Does Chase have any favorite country music personalities or celebrities that he’s met?
He has a lot of “favorites.” He typically likes the Miss America Contestants (state/local title holders). There is a joke that Chase has a girlfriend in every zip code and t-shirts have even been made that say “Chase’s Ladies” with one girl for every zip code. One shirt sold for quite a bit of money at a silent auction and we all get a good laugh every time we see someone wearing one.
His favorite country music celebrity is “Mr. Blake,” Blake Shelton. Chase had the opportunity to sing on his Christmas CD and they have worked together a few times. It is adorable; Blake is so tall and Chase is so short. Chase also likes John Schneider, who played Bo Duke on the Dukes of Hazzard and is also one of the founders of CMN. He teaches Chase how to drive fast and jump cars. They spend a lot of time discussing how to “floor it.”
Pictured above: Chase with Blake Shelton, left, and with John Schneider, right, earlier this year during a country radio seminar. He filmed commercials and did still photos with various country music personalities for CMN.
How sweet. Has Chase developed friendships with any of the other CMN kids?
CMN kids are all friends in real life, especially the local ones. Chase’s two best friends in CMN are Jessica and Maddox. Jessica is a sixteen-year-old brain cancer survivor. She helps “train up” Chase and prepare him for celebrity events and meet and greets. She is great!! Our family loves Jessica so much. She even babysits Chase in real life. His other bestie is Maddox. Chase had taken Maddox under his wing and was “training her up” much like Jessica worked with Chase when he was much younger. Maddox had Down Syndrome and a congenital heart defect. She sadly passed away this summer at five years old. It was one of the hardest things we have ever had to walk through with Chase. He still talks about Maddox several times per week and she remains a shining light in our life.
The pitfall of so many critically ill children being friends is that there are a lot of hospitalizations, close calls, and sometimes we lose a friend. A heart that has been broken is a heart that has been loved and we don’t live our lives scared that we will be hurt by losing one of the extraordinary children we have the honor of loving.
That’s such a powerful message. What have you enjoyed most about these volunteer experiences?
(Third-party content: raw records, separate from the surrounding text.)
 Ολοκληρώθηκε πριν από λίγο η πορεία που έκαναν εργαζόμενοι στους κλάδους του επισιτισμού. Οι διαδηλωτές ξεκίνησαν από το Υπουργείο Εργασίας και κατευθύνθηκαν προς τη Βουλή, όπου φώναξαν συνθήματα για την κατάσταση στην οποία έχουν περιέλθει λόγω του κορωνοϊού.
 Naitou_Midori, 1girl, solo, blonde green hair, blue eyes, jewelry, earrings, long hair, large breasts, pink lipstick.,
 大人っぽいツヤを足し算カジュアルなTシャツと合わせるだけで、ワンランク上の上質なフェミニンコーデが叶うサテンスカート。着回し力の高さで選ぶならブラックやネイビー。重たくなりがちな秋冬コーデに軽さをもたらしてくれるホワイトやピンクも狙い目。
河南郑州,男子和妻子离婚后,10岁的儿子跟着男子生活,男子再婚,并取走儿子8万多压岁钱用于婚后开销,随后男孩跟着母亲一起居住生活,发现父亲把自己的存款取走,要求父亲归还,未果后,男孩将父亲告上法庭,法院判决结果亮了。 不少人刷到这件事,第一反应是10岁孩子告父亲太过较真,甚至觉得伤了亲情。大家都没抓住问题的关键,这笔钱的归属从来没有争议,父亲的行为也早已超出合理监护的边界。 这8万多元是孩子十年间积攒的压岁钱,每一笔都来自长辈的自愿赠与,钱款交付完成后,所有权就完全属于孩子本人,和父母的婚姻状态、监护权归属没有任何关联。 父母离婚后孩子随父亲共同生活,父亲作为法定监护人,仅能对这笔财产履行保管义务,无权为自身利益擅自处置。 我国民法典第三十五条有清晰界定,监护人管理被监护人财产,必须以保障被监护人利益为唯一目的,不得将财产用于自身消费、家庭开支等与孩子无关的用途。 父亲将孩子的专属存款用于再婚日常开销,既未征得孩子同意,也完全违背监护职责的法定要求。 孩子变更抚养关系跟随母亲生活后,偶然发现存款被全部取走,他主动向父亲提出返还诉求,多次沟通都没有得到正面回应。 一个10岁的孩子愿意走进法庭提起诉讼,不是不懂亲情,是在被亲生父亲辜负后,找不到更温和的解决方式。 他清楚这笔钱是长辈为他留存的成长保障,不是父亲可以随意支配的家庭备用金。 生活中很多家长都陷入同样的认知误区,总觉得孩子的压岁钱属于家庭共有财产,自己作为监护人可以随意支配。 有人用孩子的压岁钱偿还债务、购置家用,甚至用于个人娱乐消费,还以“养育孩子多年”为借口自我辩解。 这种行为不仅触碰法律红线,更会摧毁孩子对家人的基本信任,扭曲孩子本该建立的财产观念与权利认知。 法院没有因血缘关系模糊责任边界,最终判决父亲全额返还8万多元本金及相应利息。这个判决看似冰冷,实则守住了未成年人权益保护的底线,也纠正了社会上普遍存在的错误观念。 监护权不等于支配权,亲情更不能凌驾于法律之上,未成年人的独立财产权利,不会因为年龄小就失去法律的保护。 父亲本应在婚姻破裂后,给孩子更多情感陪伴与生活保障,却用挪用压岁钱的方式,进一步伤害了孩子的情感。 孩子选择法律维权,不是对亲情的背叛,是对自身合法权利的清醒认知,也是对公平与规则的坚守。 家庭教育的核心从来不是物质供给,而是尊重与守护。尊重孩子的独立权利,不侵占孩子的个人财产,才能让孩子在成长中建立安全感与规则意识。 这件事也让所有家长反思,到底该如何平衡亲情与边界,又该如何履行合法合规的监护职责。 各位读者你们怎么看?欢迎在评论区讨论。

My kids are so spoiled by the volunteer experience. They have had so much opportunity that they wouldn’t have had otherwise. The thing I have loved the most is twofold. First, I love watching my children grow as people. Every time I think that there is a situation they won’t be able to handle, they shock me and show up like rock stars. Second, I like getting Chase’s story out there. We talk to a lot of college and high school students. It is my job to address up to thousands of people and tell them about Chase. If we reach one student who doesn’t go down the wrong path because of our little boy, it is worth every tireless hour we spend speaking and showing up. If we meet one student that decides to work in a field that helps kids like Chase, it is also a win. A lot of really cool things have happened for the hospital in honor of Chase. For that, I am grateful.
Thank you, Tonya, for sharing Chase’s story with us!